» Exercise goal: What is needed is a word-for-word copy of the lines below from the one with "Decked out in" through the one with "Иван-чай акварелью |", both included, with every picture left out.

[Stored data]

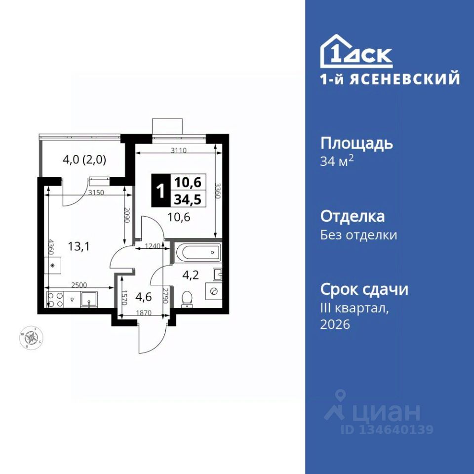 Продаётся 1-к квартира номер 334 общей площадью 34.5 кв.м. на 18-м этаже 18 этажного дома. Без отделки.
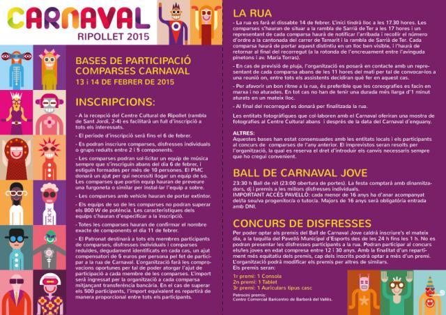 Ja s'han fet publiques les bases per participar a la Rua de Carnaval 2015, que tindrà lloc el dissabte, 14 de febrer. Les inscripcions s'han de realitzar al Centre Cultural fins el 6 de febrer. Es podran inscriure comparses, disfresses individuals i grups reduïts d'entre 2 i 5 persones. Les comparses formades per més de 10 components podran solicitar equip de música i aquelles que l'hagin de llogar rebran una ajuda del Patronat Municipal de Cultura. El PMC també destinarà 5 euros per persona a tots els ripolletencs que participin a la rua.
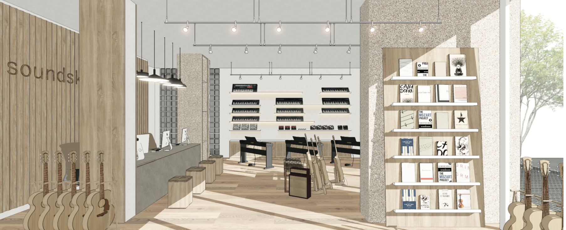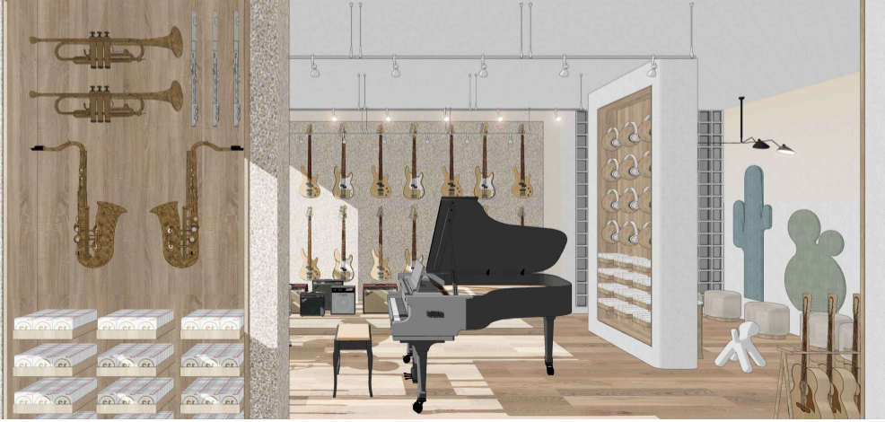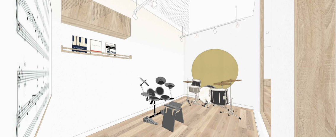 Our new Soundskool branch houses over 200sqm of musical instruments retail showroom and music classrooms, embracing minimalistic, modern layout and design, ready to develop and nurture young talents to the highest level within a stimulating, engaging, and safe academic setting.
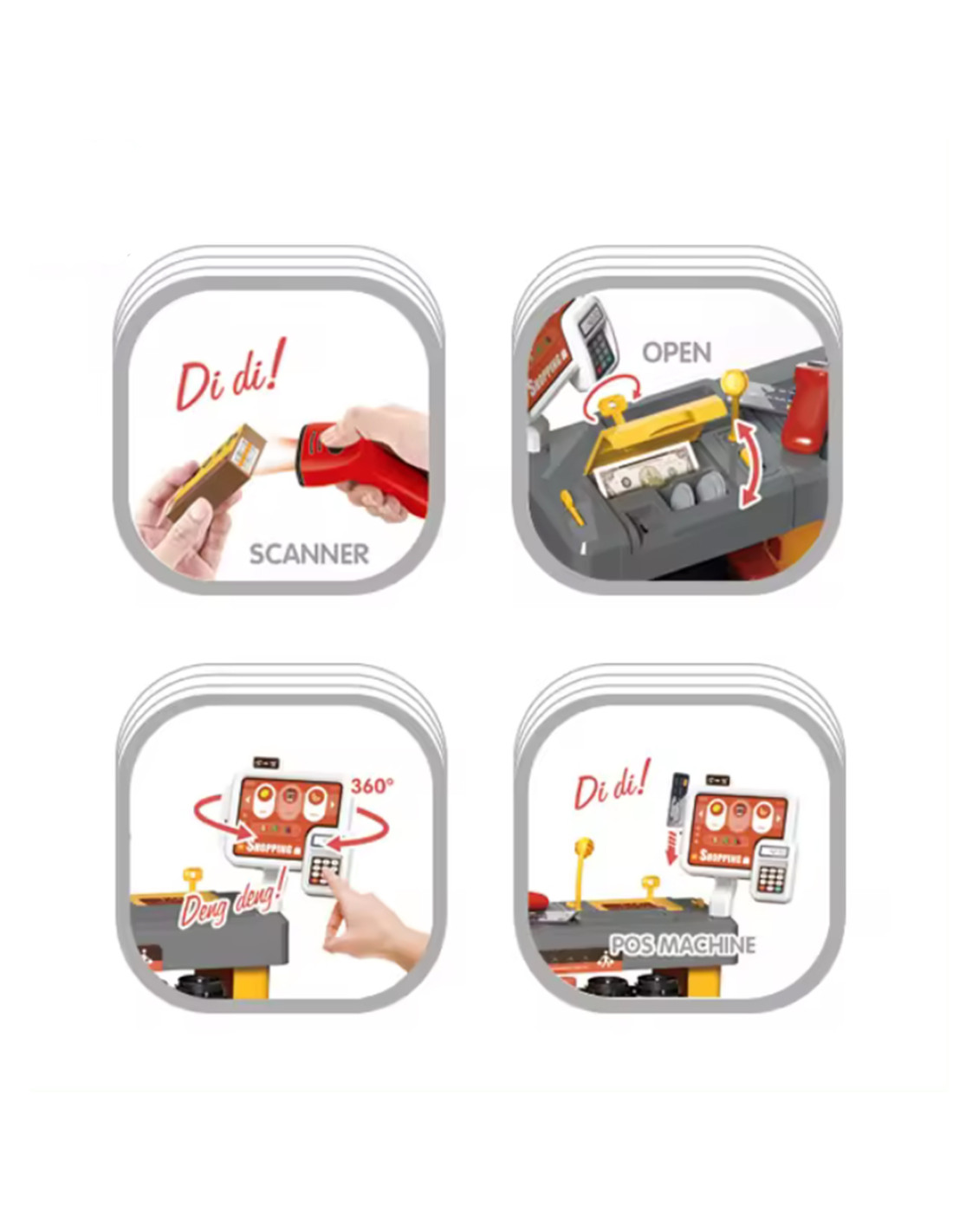 Nowoczesny Supermarket od marki WOOPIE sprawi, że twoje dziecko poczuje się jak za kasą prawdziwego sklepu! Dbałość o każdy szczegół zapewni BEZPIECZNĄ i wciągającą zabawę dla dzieci. Rozpocznij swoją ekscytującą podróż w świat handlu, używając skanera, który ożywia każdy zakup. Ta interaktywna zabawka nie tylko uczy, ale również dostarcza niezapomnianych chwil rozrywki. Dzięki kasie fiskalnej dziecko może odgrywać rolę kasjera, nabywając umiejętności matematyczne i rozwijając kreatywność.
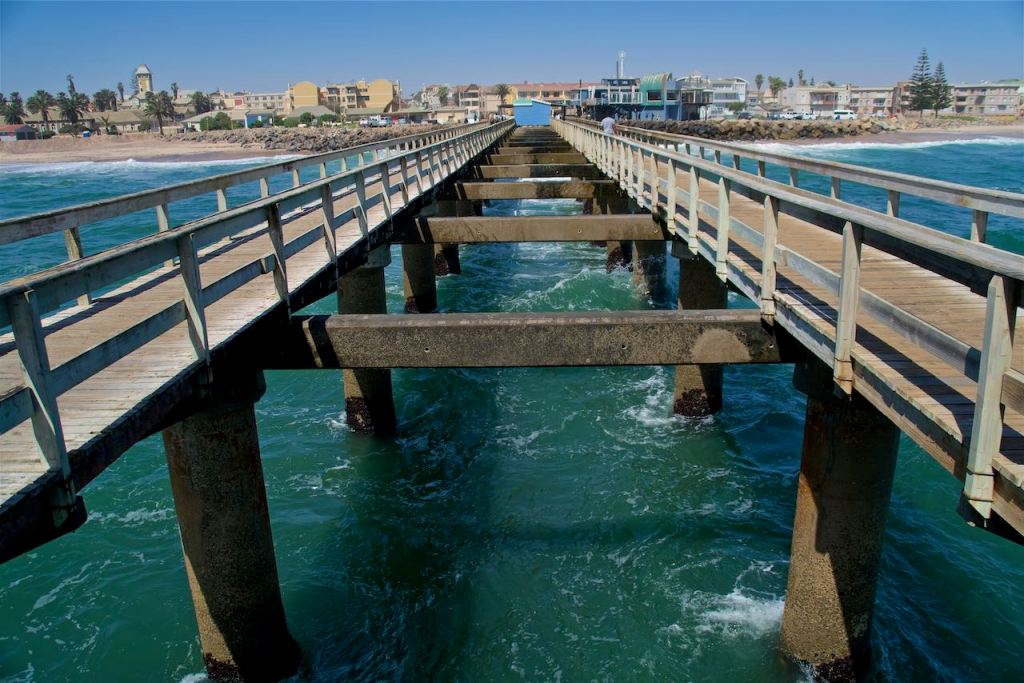 There is a heavy German influence from the area’s history as a major port for German Southwest Africa during its colonial era. Many buildings are named after the Kaiser or other early 20th-century German political or military leaders. It is kind of a surreal place. When we arrived a marine layer had swept over the area, and it had burned off in about an hour. It was just like L.A. The brightly colored buildings and blue ocean water contrasted starkly with the desert and dunes immediately beyond the town. It was a strange sight. The coastal area itself looks very well-to-do and seems more visually at home in Malibu than in Namibia, but every day is a surprise here. We locked up our bikes and walked around the town center for a bit. Lots of people were hawking different things, which wasn’t fun, but some were wearing orange vests labeled, “Hawker,” as if the town somehow regulates people trying to sell things on the street. It was . . .interesting. We eventually circled back to the Swakopmund Brewing Co. for a couple beers and bratwurst (naturally). From there we biked back to the Driftwood before deciding to order a pizza for take away.
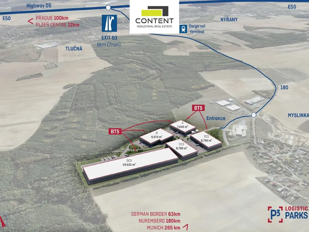 V zastoupení majitele a bez provize nabízíme industriální prostory pro sklad nebo výrobu o velikosti 8727 m², v lokalitě Plzeň - Myslinka, D5 EXIT 93, formou výstavby budovy na míru, umístěné v novém komerčním parku.
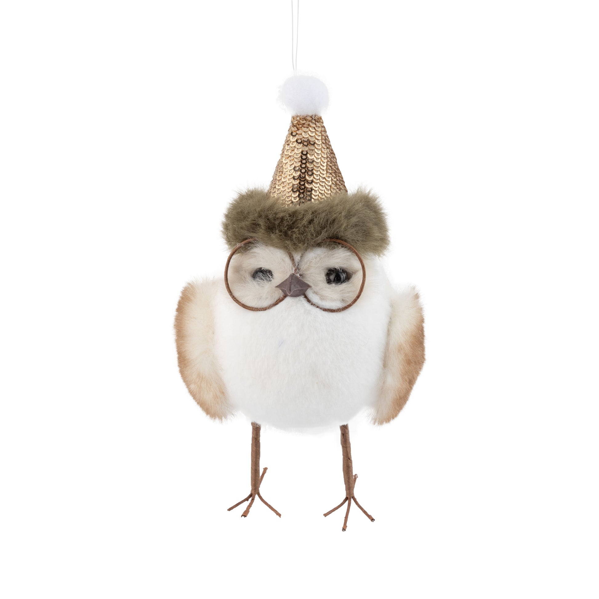 Decked out in its festive bronze sequined hat, this sweet bespectacled owl is ready for your tabletop winterscape!
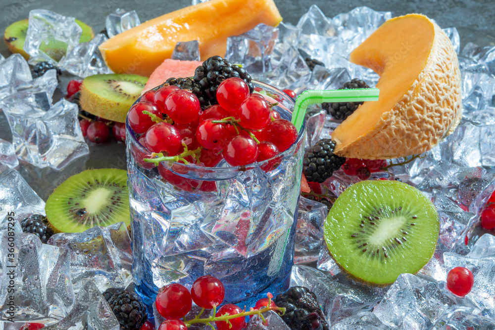 thirst quenching glass with cold water and fresh summer fruit with ice
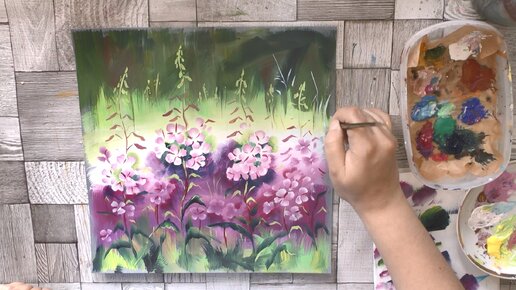 Иван-чай акварелью | как нарисовать вечерний луг /поляну с цветами #иванчай #акварелью #поляна
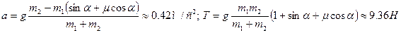 15. Тік бұрышты үшбұрыштың төбесіне бекітілген блок арқылы асыра тасталған жіптің ұштарына массалары 2 кг және 1 кг жүктер байланған. Көлбеулік бұрышы 200. Ауыр жүк көлбеу бетінде орналасқан. Осы жүк пен көлбеу жазықтықтың арасындағы үйкеліс коэффициенті 0,1 тең. Жүктерді бастапқы жылдамдықсыз төмен түсіреді. А) жүктер жүйесінің үдеуін және жіптің керілу күшін табыңдар. В) егер үйкеліс коэффициенті 0,3 болса, жауап қалай өзгерер еді?
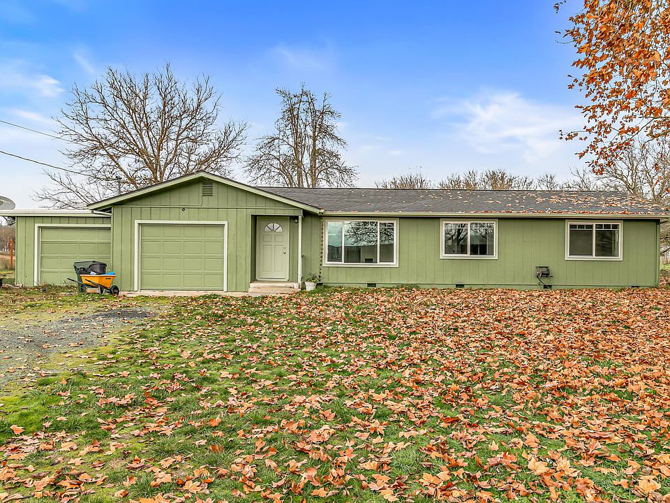 Discover nearly 9 acres of flat, usable farmland in coveted EFU zoning—an ideal canvas for your agricultural, homestead, or country-living dreams. This rare offering includes established water rights from Evans Creek, a barn, greenhouses, and fully fenced acreage, providing the perfect foundation for farming, livestock, or sustainable living. The charming 3-bedroom, 1.5-bath, 1308 sq ft home features a freshly painted interior and exterior, offering a clean and inviting start for its next owner. A 2-car garage and a strong-producing well add practicality and long-term value. With good bones and room to personalize, this property represents an incredible opportunity—peaceful rural living with all the essentials already in place. Bring your vision and make this exceptional piece of land your own.
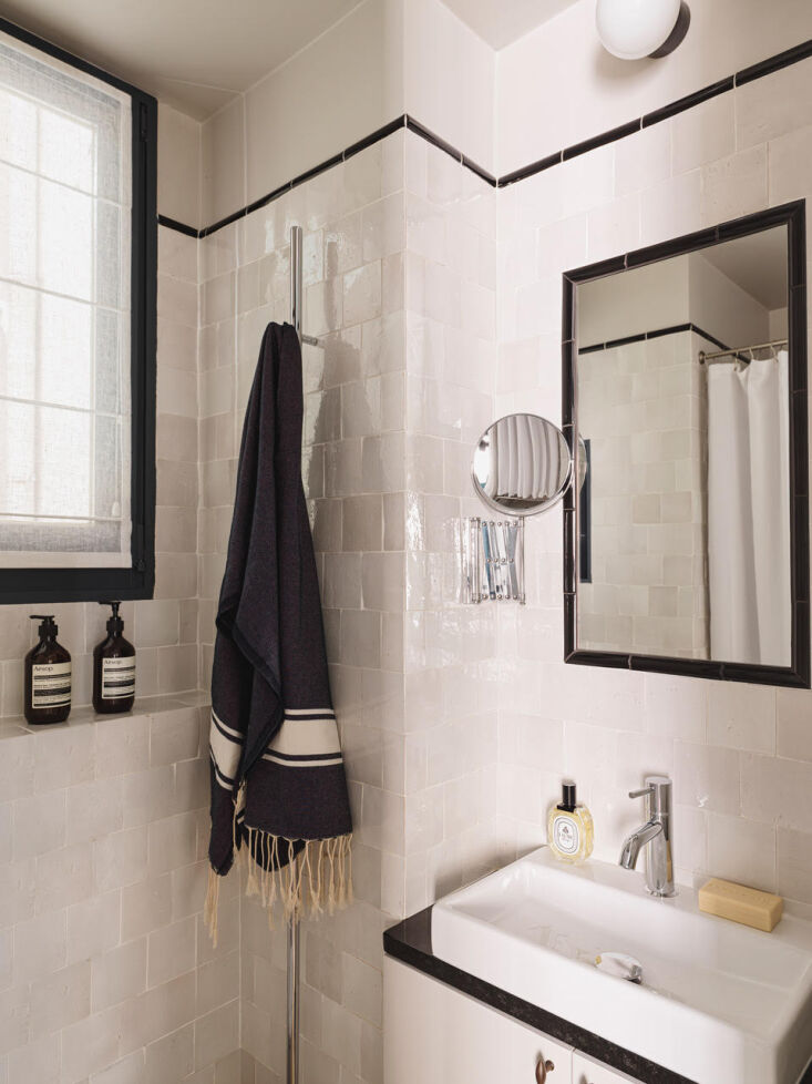 “The tinier it is,” Evennou adds, “the more important it is to make it look nice by working on the small details, such as storage under the sink, a good light, a place to hang towels, and a niche in the shower for the soap and shampoo.” Here, Evennou went with a black-and-white theme. The tiles are Moroccan zellige with a border that she cleverly also used to frame the mirror. Note the linen window shade set off in black.
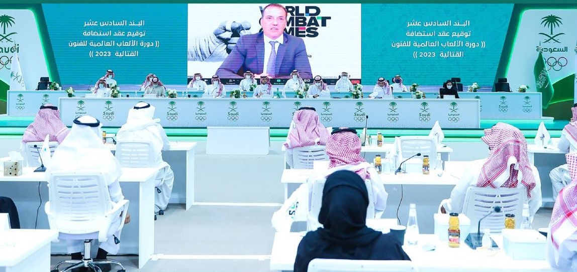 ووقع رئيس اللجنة الأولمبية العربية السعودية، الأمير عبدالعزيز بن تركي الفيصل عقد استضافة مع نائب رئيس الجمعية العالمية للاتحادات الدولي “GAISF”، ستيفن فوكس تُمنح بموجبها الرياض حق تنظيم دورة الألعاب العالمية للفنون القتالية 2023.
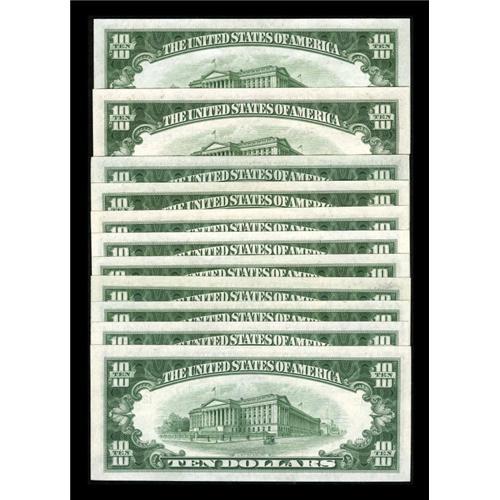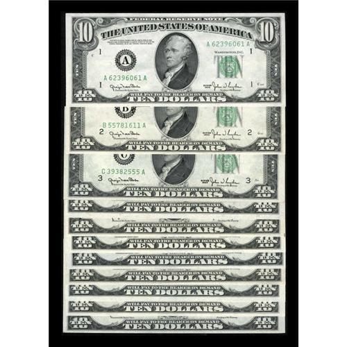 <B>Nearly Complete District Set Fr. 2010-A-L $10 1950 Wide Federal Reserve Notes. Choice Crisp Uncirculated or Better.</B></I><BR> Missing only the Kansas City district, this is a nearly complete set of the Wide variety for this series. These eleven original notes all show embossing and natural paper wave.<BR><I>From The Thomas M. Flynn Collection</B></I><BR><BR><b>Shipping:</b> Coins & Currency (<a target="_blank" href="http://www.heritageauctions.com/common/shipping.php">view shipping information</a>)
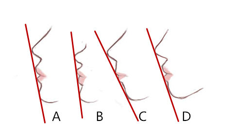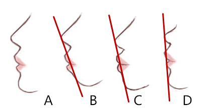 另一方面,以上图为例,如果鼻尖、嘴唇和下巴三者不在同一条线上,可能是由很多不同的原因引起。以嘴唇超过E线为例,大致可分为以下三种情况:图B所示为下颏后缩,图C为唇部前突,而图D则是由低鼻尖所致。所以,如果三者不在一条线上,也不能判断出到底是鼻、唇、下巴哪一部分出了问题。
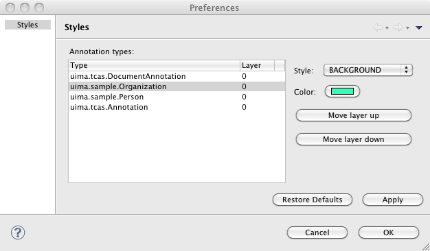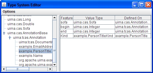 Before discussing this page in detail, it is important to note that there are two settings that affect the operation of this page. These are accessed by selecting the UIMA → Settings (or by going to the Eclipse Window → Preferences → UIMA Preferences) and checking or unchecking one of the following: “Auto generate .java files when defining types” and “Display fully qualified type names.”
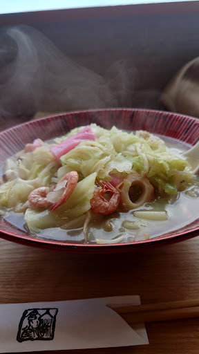 Read more晩秋のよく晴れた週末に伺いました。人気店というのを失念して11:45頃に到着すると、おそらく第2陣が入り始めた頃で4組待ちでした。 人数の都合で先に通していただけ、注文して30分弱で頂くことができました。こじゃれて大変きれいな店内、そして大変忙しそうなのに店員さんは丁寧な応対、とても印象に残りました。 薬膳ちゃんぽんと餃子を頂きました。薬膳ちゃんぽんは、独特の美味しさと優しさがあり、深みはあるけどくどくない、豊かな味でした。他にはない味わいで、大ファンになりました。 ぎょうざは一口サイズ、おそらくにんにく無しでしょうか、しっかりした美味しさはありますが口の中に味の残る感じはありませんでした。これまた美味で、パクパク頂きました。 今回は厨房側の席でしたが、海側のカウンターだと眺めも素晴らしいと思います。 大人気なのも納得のお店でした。こちらでお昼を頂き、隣のカフェで一息つくと...

» Written reply:
 Decked out in its festive bronze sequined hat, this sweet bespectacled owl is ready for your tabletop winterscape!
 thirst quenching glass with cold water and fresh summer fruit with ice
 Иван-чай акварелью | как нарисовать вечерний луг /поляну с цветами #иванчай #акварелью #поляна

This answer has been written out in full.